** What you need to do **
A faithful retyping of every entry below is wanted, with images left out.

** Dataset records **
···

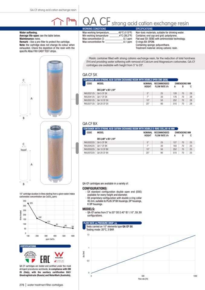 (TH) and providing water softening with removal of Calcium and Magnesium carbonates. QA-CF
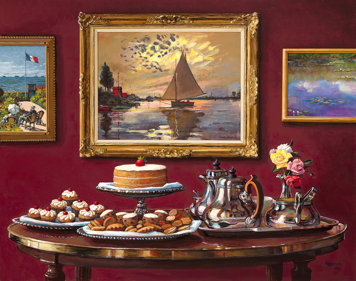 В юности Клод Моне провозгласил две цели: разбогатеть и прославиться. Он добился и того, и другого, и ему доставляло огромное удовольствие делиться своим успехом с другими, достигшими таких же высот. Почетных гостей на собраниях в Живерни всегда угощали самым лучшим. На своей картине я представляю себе сцену после ужина, где множество сладостей представлено перед тремя шедеврами Моне: ранней «Террасой в Сент-Адресс», его прекрасной «Парусной лодкой в Ле Пти-Женвилье» и первой из его длинной и знаменитой серии с водяными лилиями «Облако». Надеюсь, вам тоже понравится этот воображаемый взгляд на жизнь и эпоху Клода Моне.
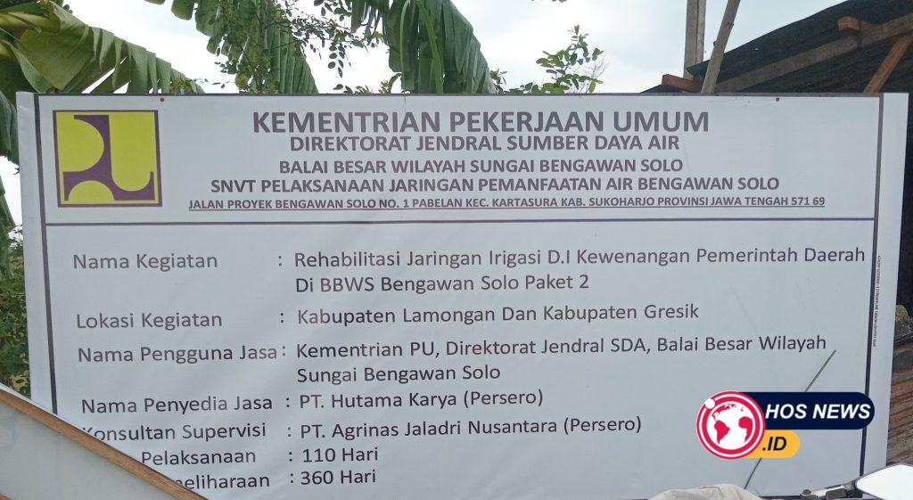 LAMONGAN, hosnews.id – Proyek pemerintah pusat di bawah Kementerian Pekerjaan Umum dan Perumahan Rakyat (PUPR) melalui Balai Besar Wilayah Sungai (BBWS) Bengawan Solo kembali menuai sorotan. Pasalnya, proyek Rehabilitasi Jaringan Irigasi D.I. Kewenangan Pemerintah Daerah BBWS Bengawan Solo Paket 2 yang berlokasi di Kabupaten Lamongan dan Gresik diduga kuat tidak sesuai Rencana Anggaran Biaya (RAB) serta melanggar spesifikasi teknis konstruksi yang telah ditetapkan.
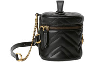 The mini backpack has a contemporary rounded shape in black matelassé leather, completed with chain shoulder straps and a top handle. Part of the GG Marmont collection, the style is defined by the three-dimensional Double G hardware—an archival-inspired stylizing of the initials of the House. - Black matelassé chevron leather with a heart on the back - Antique gold-toned hardware - Double G - Top handle - Adjustable chain and leather straps - Zipper closure - Weight: .326kg approximately - 6.7"W x 4.7"H x 6.3"D - Microfiber lining with a suede-like finish - Made in Italy - The model is 5'10" tall
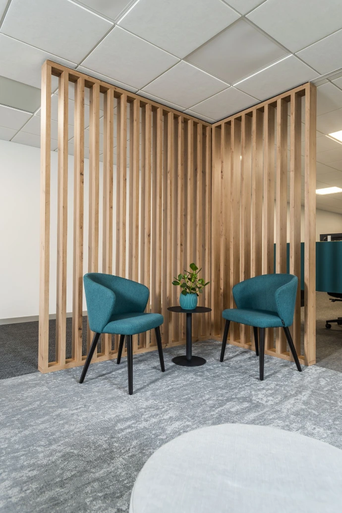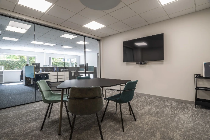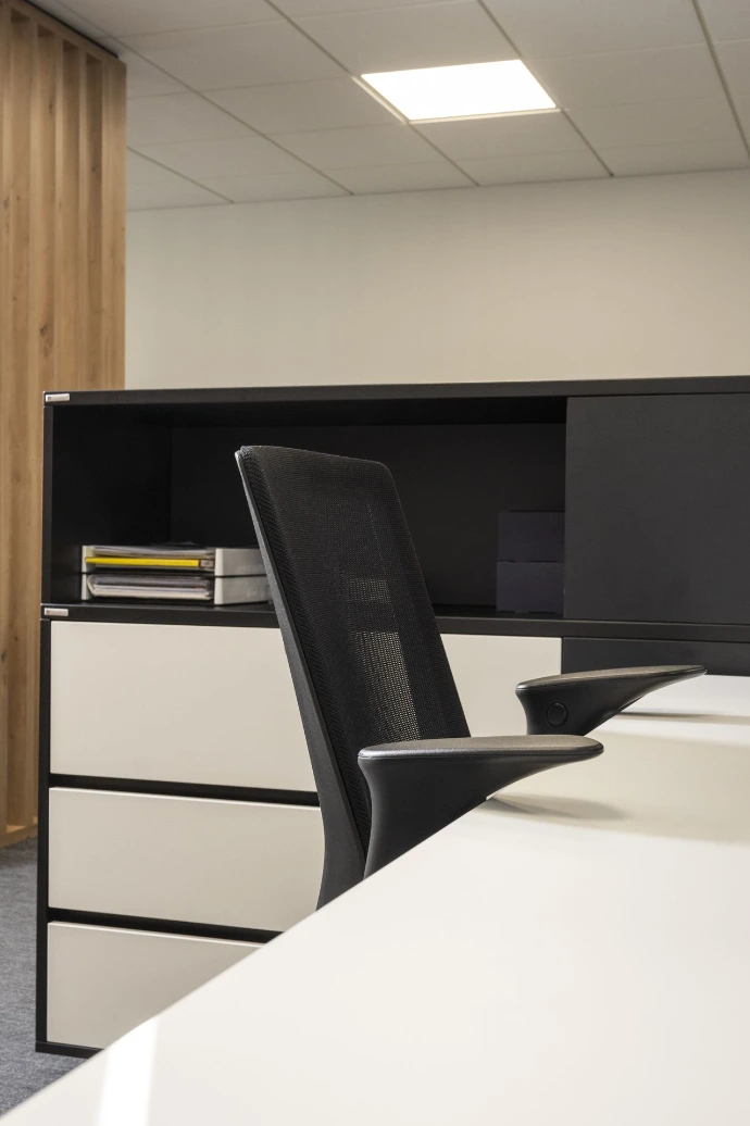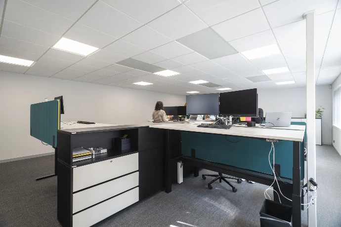 De werkplekken werden ergonomisch ingericht met aandacht voor comfort en flexibiliteit, terwijl vergader- en overlegzones zorgen voor een vlotte samenwerking. Neutrale kleuren worden gecombineerd met subtiele accentkleuren en akoestische oplossingen, wat bijdraagt aan rust en concentratie op de werkvloer.
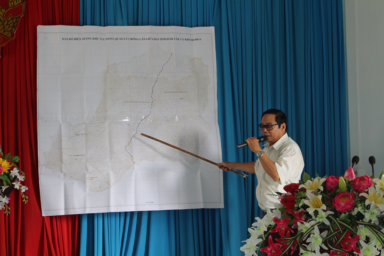 Ngày 21/10/2016, tại Hội trường HĐND-UBND huyện, Đoàn công tác liên ngành của UBND tỉnh Đắk Lắk đã tổ chức cuộc họp tham gia góp ý vào nội dung băng ghi hình chuyến khảo sát khu vực tranh chấp địa giới hành chính giữa tỉnh Đắk Lắk và Khánh Hoà. Tham dự cuộc họp có Ông Võ Văn Cảnh - Phó Chủ tịch UBND tỉnh Đắk Lắk, Trưởng đoàn; các thành viên của đoàn liên ngành theo Quyết định của UBND tỉnh; đại diện Thường trực Huyện uỷ, HĐND, UBMTTQVN huyện; Chủ tịch, các Phó Chủ tịch UBND huyện; đại diện lãnh đạo các Ban xây dựng Đảng, Văn phòng Huyện uỷ; các Ban HĐND huyện; đại diện các phòng, ban ngành liên quan của huyện; đại diện Thường trực Đảng uỷ, HĐND, Chủ tịch, các Phó Chủ tịch và các ngành liên quan của xã.

···

** Expected output **
 (TH) and providing water softening with removal of Calcium and Magnesium carbonates. QA-CF
 В юности Клод Моне провозгласил две цели: разбогатеть и прославиться. Он добился и того, и другого, и ему доставляло огромное удовольствие делиться своим успехом с другими, достигшими таких же высот. Почетных гостей на собраниях в Живерни всегда угощали самым лучшим. На своей картине я представляю себе сцену после ужина, где множество сладостей представлено перед тремя шедеврами Моне: ранней «Террасой в Сент-Адресс», его прекрасной «Парусной лодкой в Ле Пти-Женвилье» и первой из его длинной и знаменитой серии с водяными лилиями «Облако». Надеюсь, вам тоже понравится этот воображаемый взгляд на жизнь и эпоху Клода Моне.
 LAMONGAN, hosnews.id – Proyek pemerintah pusat di bawah Kementerian Pekerjaan Umum dan Perumahan Rakyat (PUPR) melalui Balai Besar Wilayah Sungai (BBWS) Bengawan Solo kembali menuai sorotan. Pasalnya, proyek Rehabilitasi Jaringan Irigasi D.I. Kewenangan Pemerintah Daerah BBWS Bengawan Solo Paket 2 yang berlokasi di Kabupaten Lamongan dan Gresik diduga kuat tidak sesuai Rencana Anggaran Biaya (RAB) serta melanggar spesifikasi teknis konstruksi yang telah ditetapkan.
 The mini backpack has a contemporary rounded shape in black matelassé leather, completed with chain shoulder straps and a top handle. Part of the GG Marmont collection, the style is defined by the three-dimensional Double G hardware—an archival-inspired stylizing of the initials of the House. - Black matelassé chevron leather with a heart on the back - Antique gold-toned hardware - Double G - Top handle - Adjustable chain and leather straps - Zipper closure - Weight: .326kg approximately - 6.7"W x 4.7"H x 6.3"D - Microfiber lining with a suede-like finish - Made in Italy - The model is 5'10" tall
 De werkplekken werden ergonomisch ingericht met aandacht voor comfort en flexibiliteit, terwijl vergader- en overlegzones zorgen voor een vlotte samenwerking. Neutrale kleuren worden gecombineerd met subtiele accentkleuren en akoestische oplossingen, wat bijdraagt aan rust en concentratie op de werkvloer.
 Ngày 21/10/2016, tại Hội trường HĐND-UBND huyện, Đoàn công tác liên ngành của UBND tỉnh Đắk Lắk đã tổ chức cuộc họp tham gia góp ý vào nội dung băng ghi hình chuyến khảo sát khu vực tranh chấp địa giới hành chính giữa tỉnh Đắk Lắk và Khánh Hoà. Tham dự cuộc họp có Ông Võ Văn Cảnh - Phó Chủ tịch UBND tỉnh Đắk Lắk, Trưởng đoàn; các thành viên của đoàn liên ngành theo Quyết định của UBND tỉnh; đại diện Thường trực Huyện uỷ, HĐND, UBMTTQVN huyện; Chủ tịch, các Phó Chủ tịch UBND huyện; đại diện lãnh đạo các Ban xây dựng Đảng, Văn phòng Huyện uỷ; các Ban HĐND huyện; đại diện các phòng, ban ngành liên quan của huyện; đại diện Thường trực Đảng uỷ, HĐND, Chủ tịch, các Phó Chủ tịch và các ngành liên quan của xã.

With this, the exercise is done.